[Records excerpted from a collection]
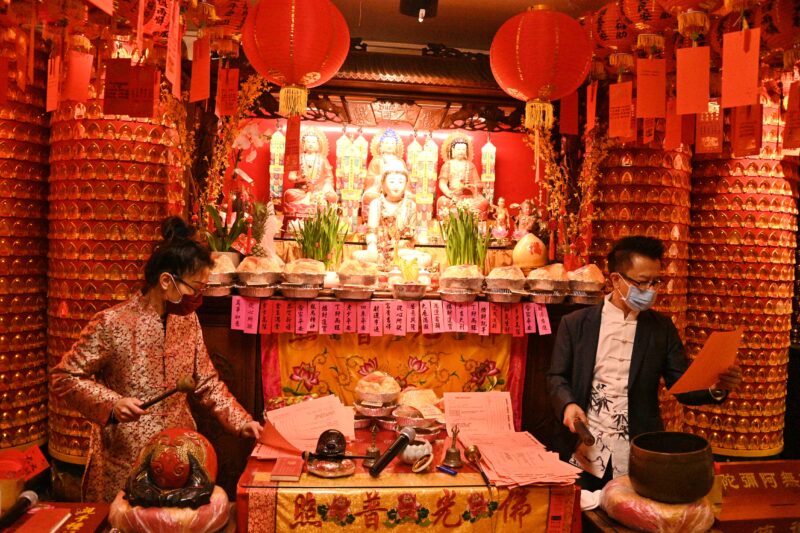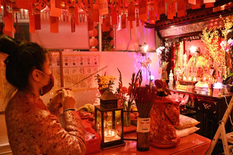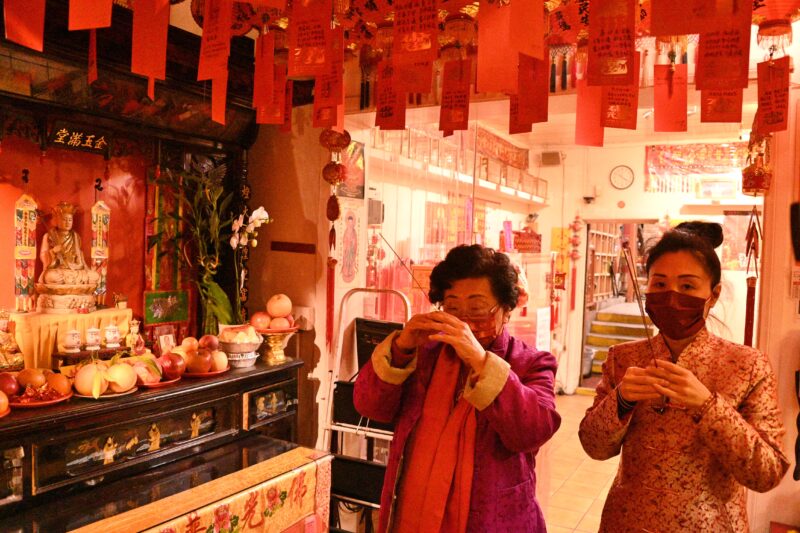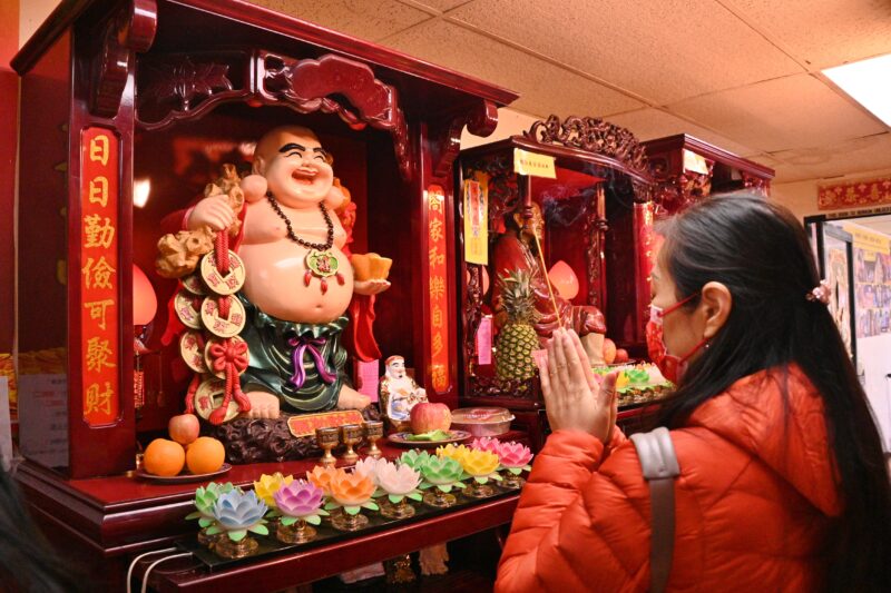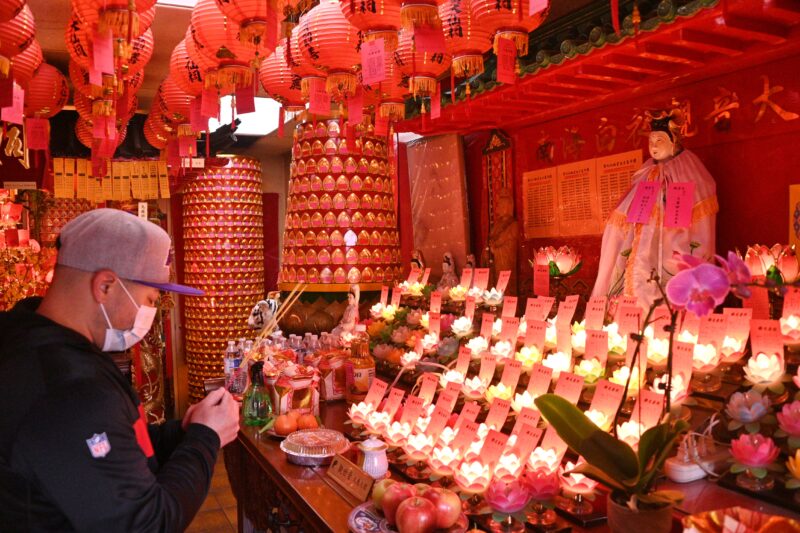 亚裔移民大多数来自中国大陆、台湾、香港、澳门、越南、柬埔寨、寮国、菲律宾等地,当中的华裔深受中华文化习俗影响,每逢过农历新年,都会到庙宇上香祈福,保佑全家平安。今年农历大年初一虽然是星期二,但前往寺庙参拜的善信依然络绎不绝,大家穿上传统服饰,戴上口罩,遵守防疫措施,喜气洋洋去拜神。
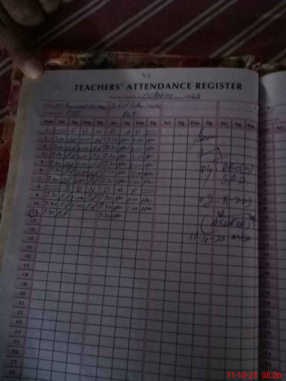 | Monitoring Date: 11-10-2023 | Start Time: 11-10-2023 07:58 AM | End Time: 11-10-2023 08:31 AM | Name of MEA: Mu**** As**** | |
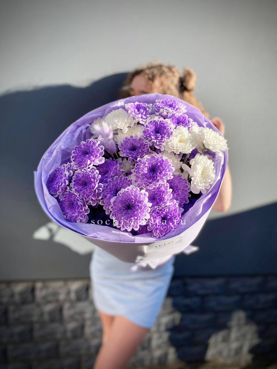 Пять веток кустовой хризантемы собраны в компактную форму с чёткими линиями. Лаконичная упаковка и лента сохраняют естественный объём соцветий. Букет выглядит собранно и свежо.
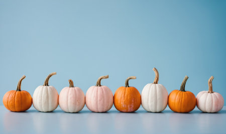 Colorful pumpkins in a row symbolizing creativity and festivity for seasonal themes. Generated A.I.
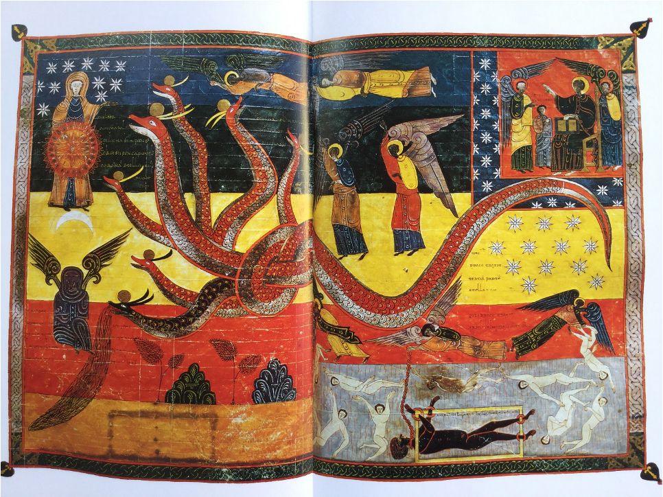 Esse momento é apresentado aqui em relação ao acontecimento representado no fundo à esquerda, a expulsão de Adão e Eva do Paraíso – Eva tendo havido sido retirada por Deus do lado de Adão durante o seu sono inconsciente.
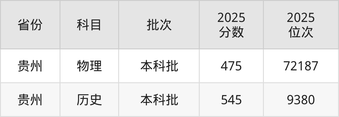 最低录取分数线是475分,对应位次是72187名,招生地区为贵州。

▶ _ACTIVITY_
Retype the data in full. Images do not go in the copy.

▶ _YOUR SOLUTION_
 亚裔移民大多数来自中国大陆、台湾、香港、澳门、越南、柬埔寨、寮国、菲律宾等地,当中的华裔深受中华文化习俗影响,每逢过农历新年,都会到庙宇上香祈福,保佑全家平安。今年农历大年初一虽然是星期二,但前往寺庙参拜的善信依然络绎不绝,大家穿上传统服饰,戴上口罩,遵守防疫措施,喜气洋洋去拜神。
 | Monitoring Date: 11-10-2023 | Start Time: 11-10-2023 07:58 AM | End Time: 11-10-2023 08:31 AM | Name of MEA: Mu**** As**** | |
 Пять веток кустовой хризантемы собраны в компактную форму с чёткими линиями. Лаконичная упаковка и лента сохраняют естественный объём соцветий. Букет выглядит собранно и свежо.
 Colorful pumpkins in a row symbolizing creativity and festivity for seasonal themes. Generated A.I.
 Esse momento é apresentado aqui em relação ao acontecimento representado no fundo à esquerda, a expulsão de Adão e Eva do Paraíso – Eva tendo havido sido retirada por Deus do lado de Adão durante o seu sono inconsciente.
 最低录取分数线是475分,对应位次是72187名,招生地区为贵州。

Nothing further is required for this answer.